During a testing process, a worker in a factory mounts a bicycle wheel on a stationary stand and applies a tangential resistive force of 115 N to the tire's rim. The mass of the wheel is 1.80 kg and, for the purpose of this problem, assume that all of this mass is concentrated on the outside radius of the wheel. The diameter of the wheel is 50.0 cm. A chain passes over a sprocket that has a diameter of 8.50 cm.
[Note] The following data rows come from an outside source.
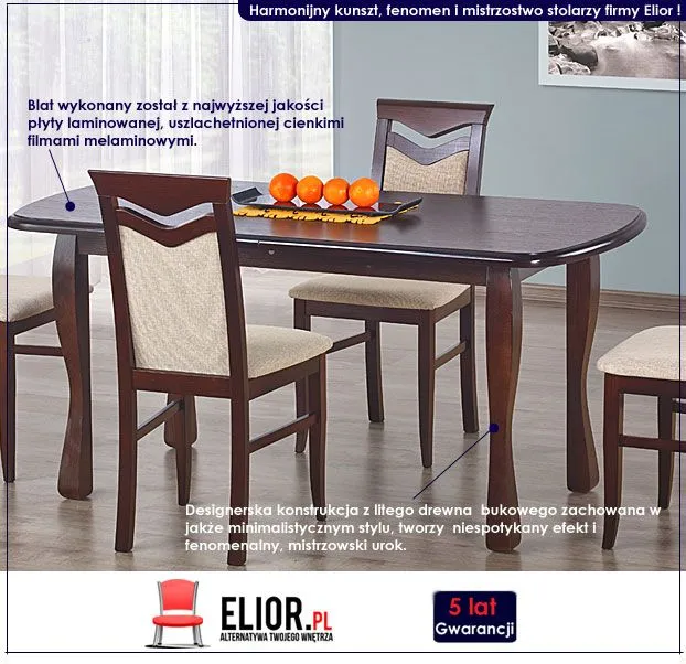 Naturalne drewno bukowe i niebanalny design, zachowany w niezwykłej formie oraz wyjątkowym wykonaniu producenta - firmy Elior! Pokaż Swój indywidualizm i wrażliwość na szlachetne kształty. Odrzuć tandetną modę z najniższych półek i delektuj się prawdziwą formą piękna! Sprawdź ofertę firmy Elior i zobacz pokaz najnowszego stołu Hobart. Prawdziwy i solidny mebel, wykonany z naturalnego drewna bukowego prezentuje się naprawdę imponująco! Niecodzienny i urzekający design, świetnie wkomponuje się w każde urządzone z pasją pomieszczenie. Wyobraź sobie już dziś, jak efektownie prezentowałby się z Twoim wnętrzu!
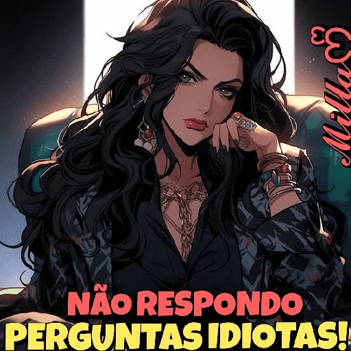Uma mulher de cabelo preto e longo, com expressão séria e um olhar direto, vestindo um blazer preto. Ela está com a mão no rosto e tem texto em vermelho e amarelo que diz 'NÃO RESPONDO PERGUNTAS IDIOTAS!'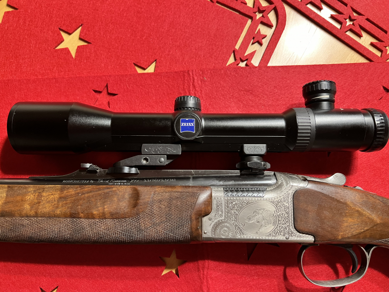 Wenig geführte Winchester Doppelbüchse XTR im Kaliber 9,3 x 74 R mit Ejektor, einschliesslich Zeiss Varipoint 1,5-6 x 42 mit Absehen 56 und Leuchtabsehen.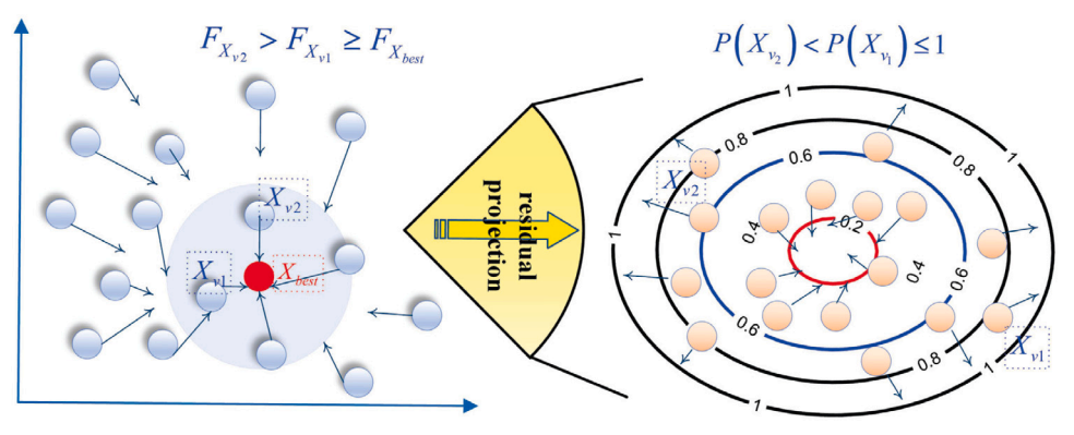 在残差引导投影(Residual Guided Projection, RGP)过程中,算法通过在多维空间中不断投影来逼近最优解。将 Kaczmarz 行动逐行迭代更新策略与随机梯度下降(SGD)相结合,建立了一个协同混合框架,为高维解空间中的轨迹提供系统性指导。基于残差思想,在每次迭代选择投影方程时加入了随机梯度的理念。具体来说,通过比较随机数 和 ,RGP 决定采用“随机”或“最优”选择策略。该决策过程具有概率性质,从而增强了算法的探索性。在 RGP 中,随机选取两个残差适应度较小的最优解粒子或样本( 和 )作为引导代理,并基于该代理计算梯度以指导投影方向。这样,解的更新不仅依赖于当前解的投影,还基于梯度加速收敛并避免陷入局部最优。其数学表达式如下: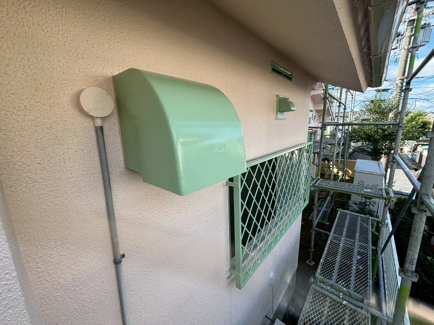 軒裏や雨樋、面格子などの付帯部も、家全体の印象を左右する重要なパーツです。ここで光ったのが、ご主人のセンスでした。鉄部の塗装色に悩まれていたご主人が選ばれたのは「若草色」です。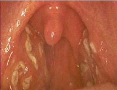 La patina biancastra delle infezioni micotiche da candida albicans.

In order for the wheel to have an angular acceleration of 4.30 rad/s2, what force, in Newtons, must be applied to the chain

Answer 1

The force is
`F_c  =  789.03 \  N`

Step-by-step explanation:

From the question we are told that

The tangential resistive force is
`F_t  =   115 \ N`

The mass of the wheel is m = 1.80 kg

The diameter of the wheel is
`d =  50.0 cm  = 0.5 \ m`

The diameter of the sprocket is
`d_c  =  8.50 \ cm =0.085 \ m`

The angular acceleration considered is
`\alpha  =  4.30\ rad/s^2`

Generally the radius of the wheel is

`r = (d)/(2)`

=>
`r = (0.5)/(2)`

=>
`r = 0.25 \ m`

Generally the radius of the sprocket is

`r_c = (d_c)/(2)`

=>
`r_c = (0.085)/(2)`

=>
`r_c = 0.0425 \ m`

Generally the moment of inertia of the wheel is mathematically represented as

`I  =  m  *  r^2`

=>
`I  =  1.80  *  0.25^2`

=>
`I  = 1.1125 \ kg \cdot m^2`

Generally the torque experienced by the wheel due to the forces acting on it is mathematically represented as

`\tau =  F_c *  r_c  -  F_t  * r`

Here
`F_c` is the force acting on the sprocket

So

`\tau =  F_c *  0.0425 - 115  * 0.25`

`\tau = 0.0425F_c  -  28.75`

Generally the torques that will cause the wheel to move with
`\alpha  =  4.30\ rad/s^2` is mathematically represented as

`\tau  =  I  * \alpha`

So

`0.0425F_c  -  28.75  =   I  * \alpha`

`0.0425F_c  -  28.75  =   1.1125  *4.30`

`0.0425F_c  -  28.75  =   1.1125  *4.30`

`F_c  =  789.03 \  N`